(Extracted material)

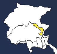
DOC COLLI ORIENTALI DEL FRIULI
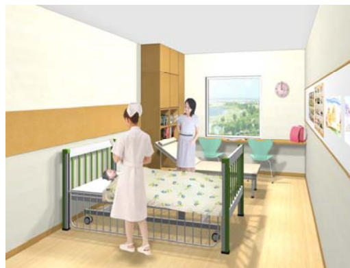
子ども達が安心して医療を受けることができる あたたかさを感じる「いえ」を意識した病室 (4・5階個室)のイメージ
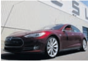
Tesla Model S fyrir utan höfuðstöðvarnar.

Hreinræktuðum rafmagnsbílum og Plug-In-Hybrid-bílum fer mjög fjölgandi vestanhafs eins og í öðrum heimshlutum. Þeir spara eigendum sínum háar upphæðir í eldsneytiskostnaði og reiknað hefur verið út að hann nemi 171 milljón lítra eldsneytis sem kostað hefði þá 11,3 milljarða króna. Það eru nú um 200.000 slíkir
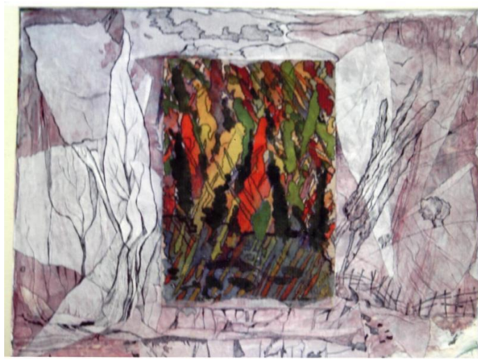
“Oltin kuz”. Tarshon.(Akvarel) 50x60.(2021)

yugurib, yuqori tezlik bilan harakatlanayotgan otiqlar tasvirini ko‘ramiz. Yuqoridan pastga qarab tortilgan shtrixlar otlarning tezligini bildiradi. Qora chizgilarda tasvirlangan chavandoz va otning dinamikasini musavvir asosiy planga olib chiqqan. Orqa planda esa tog‘lar harakatlanayotgandek, gapirayotgandek tugyon urishi gavdalanadi. Rassom o‘zining bu asarida sovuq ranglardan foydalangan. Asosan aralashma texnikasida, guash, akvarelda ishlagan.
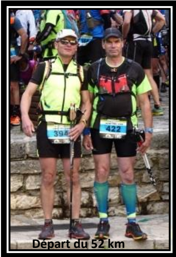
Départ du 52 km
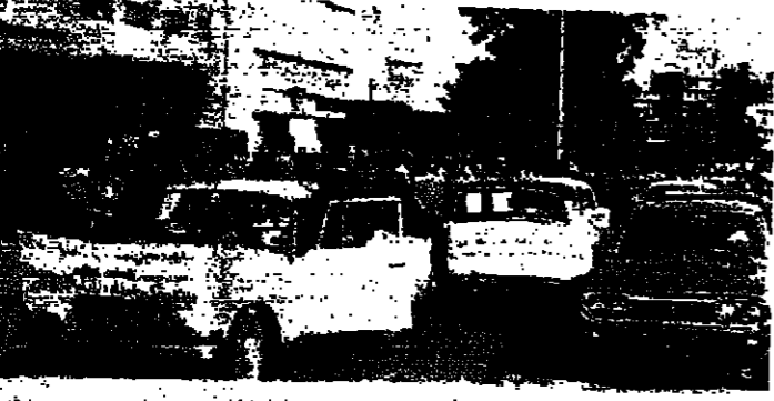
نظارة السيارات لزارعي التبغ الشمال عند وصولها الى سراي طرابلس
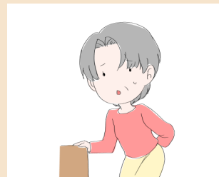
背中や腰が曲がってきた
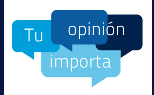
Imagen de la campaña de Cultura de Seguridad en ENAIRe "Tu opinión importa"

Como continuación del Clip de Seguridad 28 "Cultura de Seguridad en ENAIRe", en este clip hablamos del survey que ha tenido lugar recientemente para medir nuestra Cultura de Seguridad. El survey o encuesta es la herramienta utilizada para esta medición, a través de los cuestionarios y los grupos de debate se identifican las áreas de mejora y buenas prácticas y nos permite comparar resultados con las anteriores mediciones. En este Clip mostramos los resultados obtenidos este año y la evolución durante los últimos 5 años.
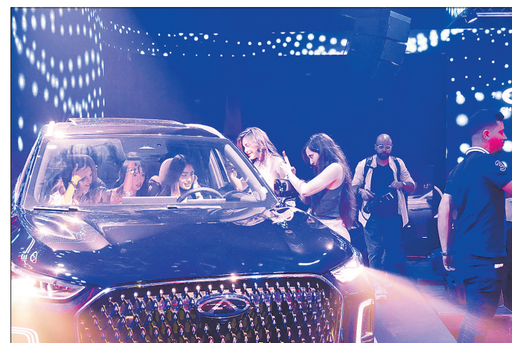
6月8日,在突尼斯首都突尼斯市举行的奇瑞新车发布会上,观众参观体验展出的汽车。中国汽车品牌奇瑞6月8日在突尼斯发布了三款混合动力车型。

据悉,工业和信息化部、国务院国资委将专项行动融入人工智能赋能新型工业化相关工作,对成效突出的区域与企业,在政策、标准、项目上予以倾斜支持;各省级工信主管部门、有关央企将通过专项资金、政府奖励支持场景开放、技术攻关、应用推广与标准研制;建立清单化管理、常态化跟踪评估机制,协调解决推进难点堵点,确保任务落地见效。
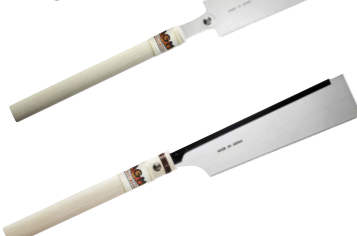
Art.Nr. 66276 Japansäge Douzuki
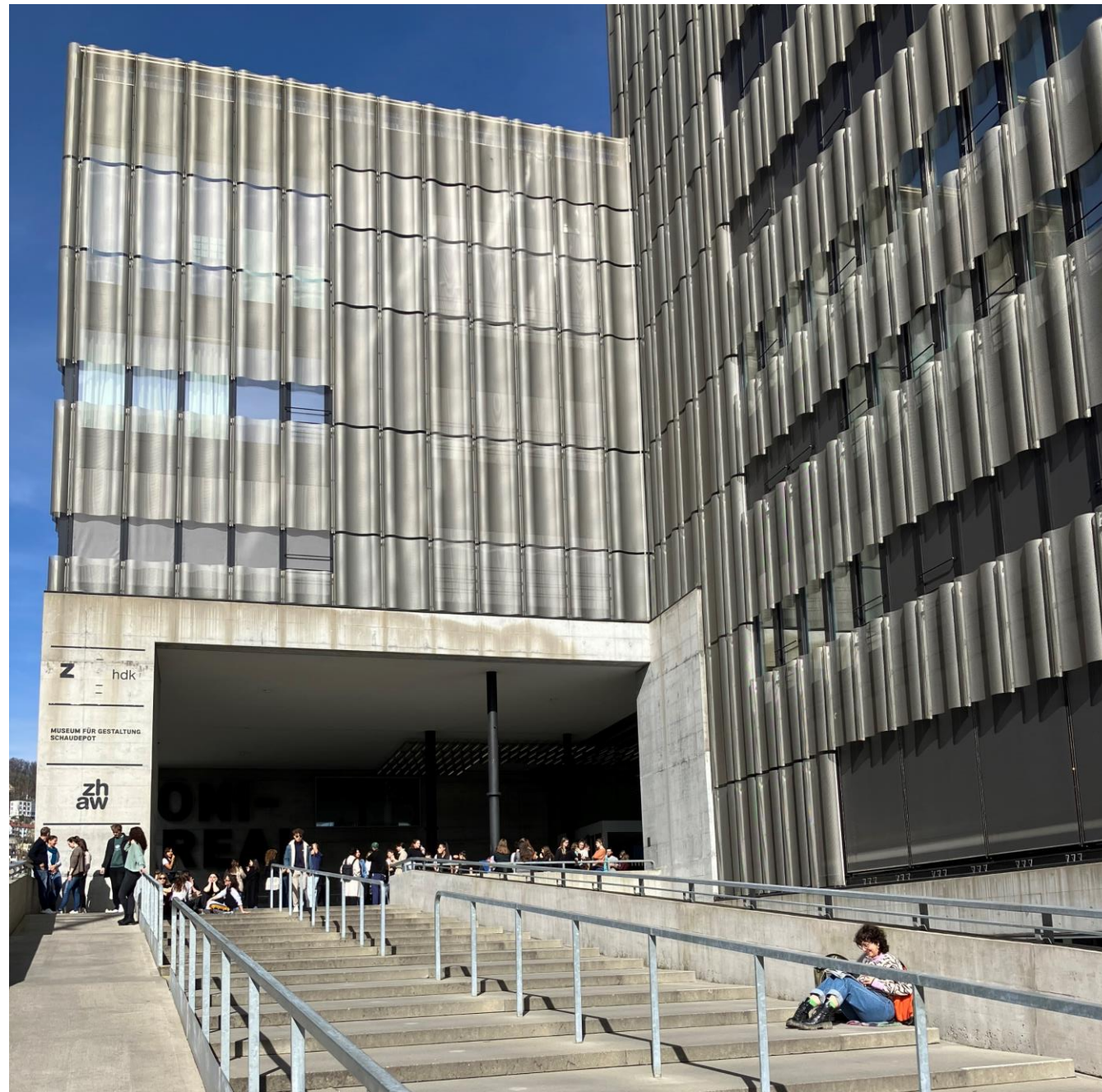
Our partner Zurich University of the Arts (ZHdK)
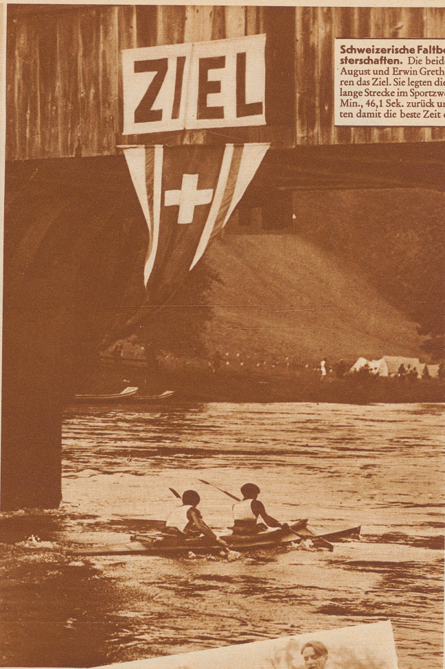
Schweizerische Faltbootmeisterschaften. Die beiden Basler August und Erwin Grether passieren das Ziel. Sie legten die 13,4 km lange Strecke im Sportweier in 45 Min., 46,1 Sek. zurück und erzielten damit die beste Zeit des Tages
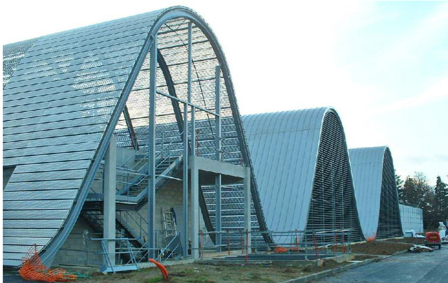
Vue sur la façade Ouest des toitures ondulées
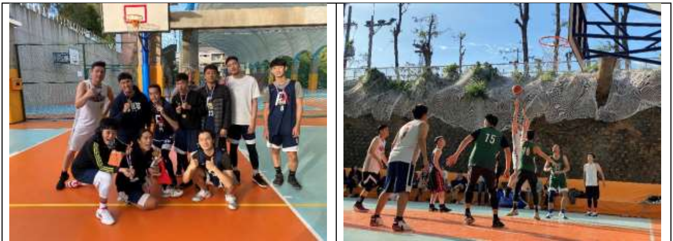
美術系系友盃籃球賽盛況

本系自 2000 年來，日間學士班、進修學士班及碩士班系友不定時舉辦籃球賽聯誼，自 2011 年起透過 FB 社團號召，參與者眾，規模日益擴大，校生與系友透過籃球運動情感聯繫熱絡。
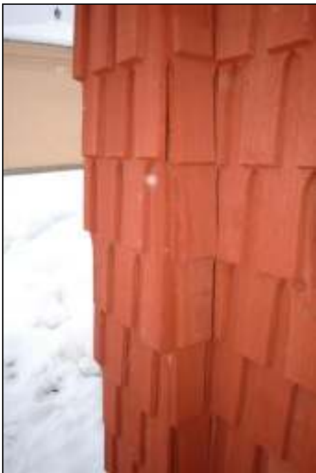
Knutlåda med tätare monterade spån
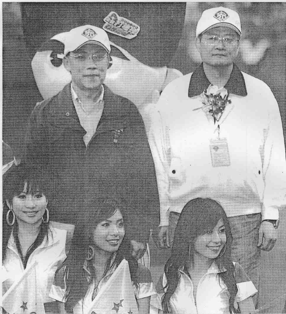
中華職棒開幕戰，法務部法律事務司長張清雲（後排右）、士林地檢署檢察長蔡清祥（後排左）全程坐鎮天母球場。

【記者李祖舜／台北報導】中華職棒今年球季剛開打，法務部已宣示掃蕩假球的決心。立委趙麗雲透露，前天中職首場賽事，法務部長王清峰指派法律事務司長張清雲、士林地檢署檢察長蔡清祥全程坐鎮天母球場，也將指派專屬檢察官進駐各地球場，嚴防「假、賭、黑」事件。 趙麗雲說，上周五她在總統府時，向法務部質詢中華職棒聯盟開打後的反制假球行動案，王清峰承諾全力防堵「假、賭、黑」行動，隨後在周六的職棒開幕日，就指派張清雲與球場所在地的士林地檢署檢察長蔡清祥全程坐鎮球場，讓在場觀賽的她相當感動。 趙麗雲透露，王清峰向她表示，未來中職在北中南各地賽球時，當地檢察署將會指派專責檢察官進場「盯場」，並在當地警局協助下，掌握球賽狀況。 立法院教育委員會今天將審查行政院版與立委版的「運動彩券發行條例」草案，提出立法版本的趙麗雲指出，運彩職棒開賭銷售不佳，主要是因為運彩彩金分配比例，是與公益彩券相同的百分之七十五，與地下賭盤的百分之九十五有相當大的差距，再加上運彩銷售單位為防假球詐賭，所以採取較為繁複的賭法，民衆不易上手。 中職加入運動彩券賭盤開賣後銷售狀況不佳，趙麗雲表示目前只能儘速讓運彩條例完成立法，等運作上軌道，取得公益彩券經銷商的認同後，再視狀況逐步調高彩金分配比例。
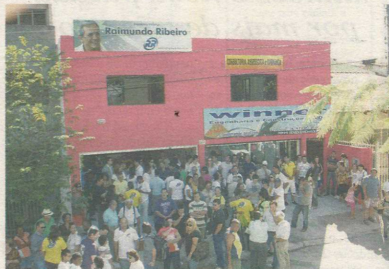
Escritório fica no Conjunto A da QE 32
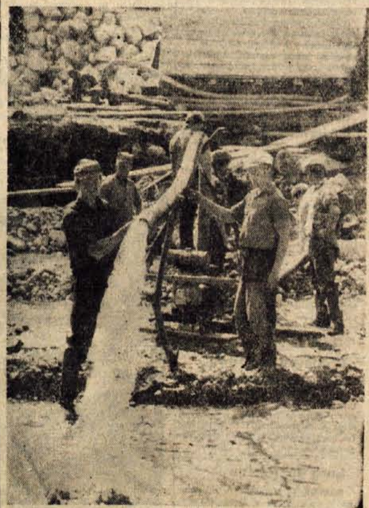
Podjetje za urejanje hišnih in pridne in požrivovalne delavce. Ti jezijo potok Ljubljanice pri Kropi in Gorenjskem. Naša slika jih prikazuje pri urejanju vode, ki jim je velika ovira pri delu

Kamnik - Za popis prebivalstva v kamniški občini bodo potrebovali 76 popisovalcev. Posebna komisija je že razdelila občino na popisne okoliše.

(End Extracted material)

* _The task_: For this exercise, set down the lines in the entries above from the one with "Imagen de la" through the one with "Escritório fica no Conjunto A da QE 32" exactly as written, without any pictures.

* _Result_:
Imagen de la campaña de Cultura de Seguridad en ENAIRe "Tu opinión importa"

Como continuación del Clip de Seguridad 28 "Cultura de Seguridad en ENAIRe", en este clip hablamos del survey que ha tenido lugar recientemente para medir nuestra Cultura de Seguridad. El survey o encuesta es la herramienta utilizada para esta medición, a través de los cuestionarios y los grupos de debate se identifican las áreas de mejora y buenas prácticas y nos permite comparar resultados con las anteriores mediciones. En este Clip mostramos los resultados obtenidos este año y la evolución durante los últimos 5 años.
6月8日,在突尼斯首都突尼斯市举行的奇瑞新车发布会上,观众参观体验展出的汽车。中国汽车品牌奇瑞6月8日在突尼斯发布了三款混合动力车型。

据悉,工业和信息化部、国务院国资委将专项行动融入人工智能赋能新型工业化相关工作,对成效突出的区域与企业,在政策、标准、项目上予以倾斜支持;各省级工信主管部门、有关央企将通过专项资金、政府奖励支持场景开放、技术攻关、应用推广与标准研制;建立清单化管理、常态化跟踪评估机制,协调解决推进难点堵点,确保任务落地见效。
Art.Nr. 66276 Japansäge Douzuki
Our partner Zurich University of the Arts (ZHdK)
Schweizerische Faltbootmeisterschaften. Die beiden Basler August und Erwin Grether passieren das Ziel. Sie legten die 13,4 km lange Strecke im Sportweier in 45 Min., 46,1 Sek. zurück und erzielten damit die beste Zeit des Tages
Vue sur la façade Ouest des toitures ondulées
美術系系友盃籃球賽盛況

本系自 2000 年來，日間學士班、進修學士班及碩士班系友不定時舉辦籃球賽聯誼，自 2011 年起透過 FB 社團號召，參與者眾，規模日益擴大，校生與系友透過籃球運動情感聯繫熱絡。
Knutlåda med tätare monterade spån
中華職棒開幕戰，法務部法律事務司長張清雲（後排右）、士林地檢署檢察長蔡清祥（後排左）全程坐鎮天母球場。

【記者李祖舜／台北報導】中華職棒今年球季剛開打，法務部已宣示掃蕩假球的決心。立委趙麗雲透露，前天中職首場賽事，法務部長王清峰指派法律事務司長張清雲、士林地檢署檢察長蔡清祥全程坐鎮天母球場，也將指派專屬檢察官進駐各地球場，嚴防「假、賭、黑」事件。 趙麗雲說，上周五她在總統府時，向法務部質詢中華職棒聯盟開打後的反制假球行動案，王清峰承諾全力防堵「假、賭、黑」行動，隨後在周六的職棒開幕日，就指派張清雲與球場所在地的士林地檢署檢察長蔡清祥全程坐鎮球場，讓在場觀賽的她相當感動。 趙麗雲透露，王清峰向她表示，未來中職在北中南各地賽球時，當地檢察署將會指派專責檢察官進場「盯場」，並在當地警局協助下，掌握球賽狀況。 立法院教育委員會今天將審查行政院版與立委版的「運動彩券發行條例」草案，提出立法版本的趙麗雲指出，運彩職棒開賭銷售不佳，主要是因為運彩彩金分配比例，是與公益彩券相同的百分之七十五，與地下賭盤的百分之九十五有相當大的差距，再加上運彩銷售單位為防假球詐賭，所以採取較為繁複的賭法，民衆不易上手。 中職加入運動彩券賭盤開賣後銷售狀況不佳，趙麗雲表示目前只能儘速讓運彩條例完成立法，等運作上軌道，取得公益彩券經銷商的認同後，再視狀況逐步調高彩金分配比例。
Escritório fica no Conjunto A da QE 32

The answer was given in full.